2. The first column should be IP range in CIDR format.
```
//Example
cidr latitude longitude city country
1.0.0.0/24 -37.8333 145.2375 Seattle "United States"
```
### Pros
* No dependency on MaxMind data format.
* Can use another GeoIP database provided other than MaxMind. For example, IP2Location database provided by Hexasoft. We can not provide a free database distribution server for IP2Location database due to its license but a user can setup their own server.
* Can benefit from future performance improvements on indexing in an OpenSearch out of the box.
### Cons
* Bigger data size than the option1. (GeoLite2-City: 400MB in a segment file which is 3.5 times larger than option1)
* Slower to prepare data to be used in a processor due to indexing time. (GeoLite2-City: 300 seconds)
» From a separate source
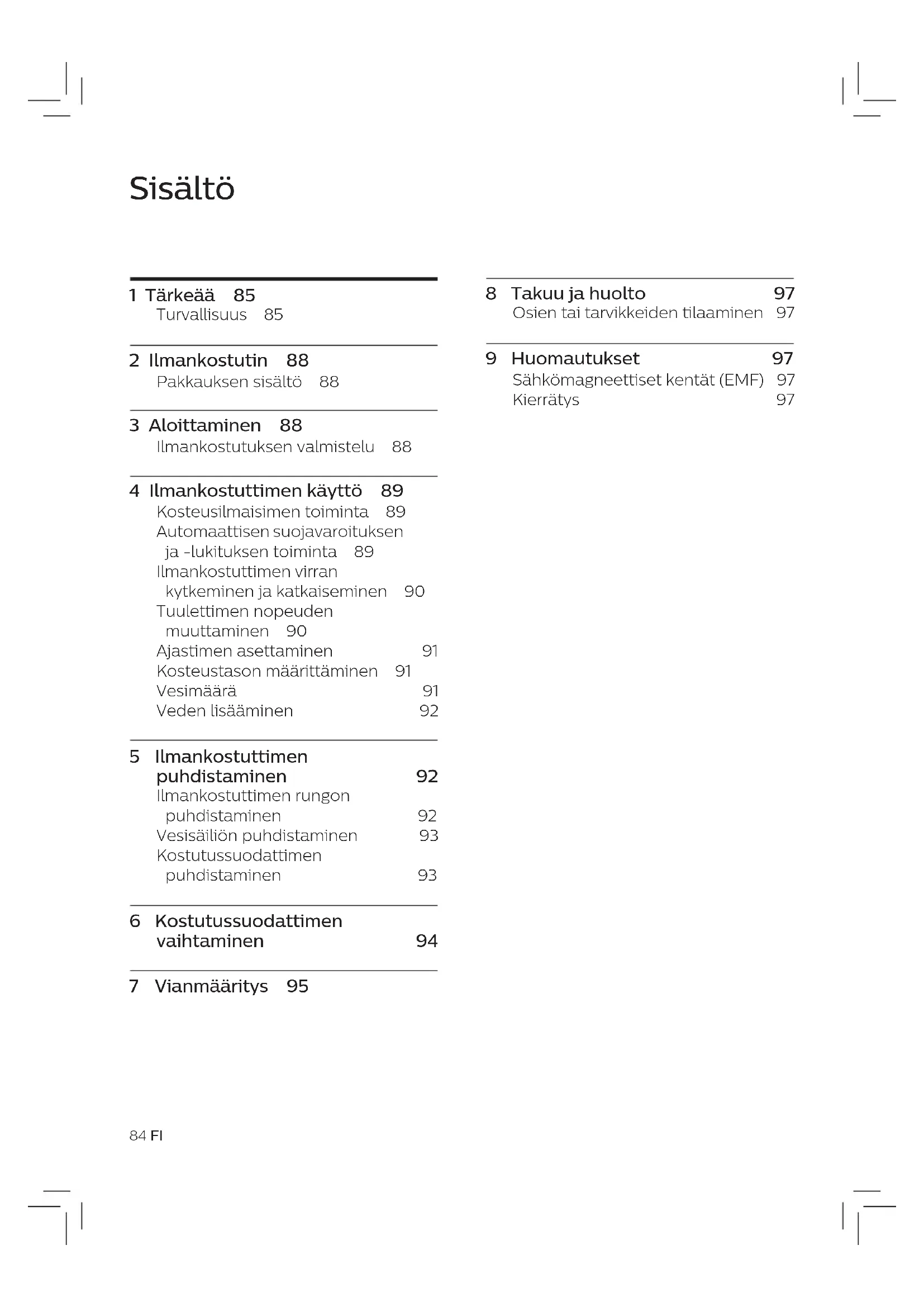 - Tarkista suodattimet, ennen kuin otat ilmankostuttimen uudelleen käyttöön. Jos suodatin on erittäin likainen ja siinä on tummia läikkiä, vaihda se (katso käyttöoppaan kohta Kostutussuodattimen vaihtaminen).97FI Suomi 9 Huomautukset Sähkömagneettiset kentät (EMF) Tämä Philips-laite vastaa kaikkia sähkömagneettisia kenttiä (EMF) koskevia standardeja ja säännöksiä. Kierrätys Tämä merkki tarkoittaa, että tätä tuotetta ei saa hävittää tavallisen kotitalousjätteen mukana (2012/19/EU). Noudata maasi sähkö- ja elektroniikkalaitteiden erillistä keräystä koskevia sääntöjä. Asianmukainen hävittäminen auttaa ehkäisemään ympäristölle ja ihmisille mahdollisesti koituvia haittavaikutuksia. 8 Takuu ja huolto Jos tarvitset lisätietoja tai ilmenee ongelma, käy Philipsin verkkosivulla osoitteessa www.philips.com tai ota yhteys Philipsin maakohtaiseen kuluttajapalvelukeskukseen (puhelinnumero on kansainvälisessä takuulehtisessä). Jos maassasi ei ole kuluttajapalvelukeskusta, ota yhteys paikalliseen Philips-jälleenmyyjään. Osien tai tarvikkeiden tilaaminen Voit ostaa vaihto- tai lisäosia Philips- jälleenmyyjältä tai osoitteesta www.philips.com/support. Jos et löydä varaosia, ota yhteyttä Philipsin maakohtaiseen kuluttajapalvelukeskukseen (puhelinnumero on kansainvälisessä takuulehtisessä).98 FR Contenu 1 Important 99 Sécurité 99 2 Votre humidicateur 102 Contenu de l'emballage 102 3 Guide de démarrage 103 Préparation de l'humidication 103 4 Utilisation de l'humidicateur 103 Signication de l'indication d'humidité 103 Fonctionnement de l'alerte et du verrouillage de protection de l'air sain 103 Mise sous et hors tension de l'humidicateur 104 Modication de la vitesse du ventilateur 104 Réglage du programmateur 105 Réglage du taux d'humidité 105 Niveau d'eau 105 Remplissage d'eau 106 5 Nettoyage de votre humidicateur 106 Nettoyage du corps de l'humidicateur 106 Nettoyage du réservoir d'eau 107 Nettoyage du ltre d'humidication 107 6 Remplacement du ltre d'humidication 108 7 Dépannage 109 8 Garantie et service 111 Commande de pièces ou d'accessoires 111 9 Mentions légales 111 Champs électromagnétiques (CEM) 111 Recyclage 11199FR Français Agréé Philips ou par un technicien qualié an d'éviter tout accident.

* Slow data ingestion time compared to the option 1. (0.059ms/doc) Even slower data ingestion time if a cluster has separate ingest nodes which are not data node. (0.071ms/doc)
* Repeated load on a cluster with indexing process during database update.
### Possible future improvement
* For the index which was created by geoip policy, we can make them to be stored in ingest nodes. This will prevent an increase in a query latency when a cluster has separate ingest nodes from data nodes.
* We can generate index using a lucene library directly to reduce the index time.
# Questions to community
1. Do you want to use your own GeoIP database or any other GeoIP database other than free GeoLite2 database provided by MaxMind?
2. Which GeoIP database have you used in OpenSearch: GeoLite2-City, GeoLite2-Country, GeoLite2-ASN, or all of them?
3. How frequently do you want to update the GeoIP database? Once a day or once a week?
4. Do you have separate ingest nodes from data nodes in the cluster?
kris
March 23, 2023, 11:54pm
2
thanks for posting @vamshin - let’s hope you get good feedback from the community!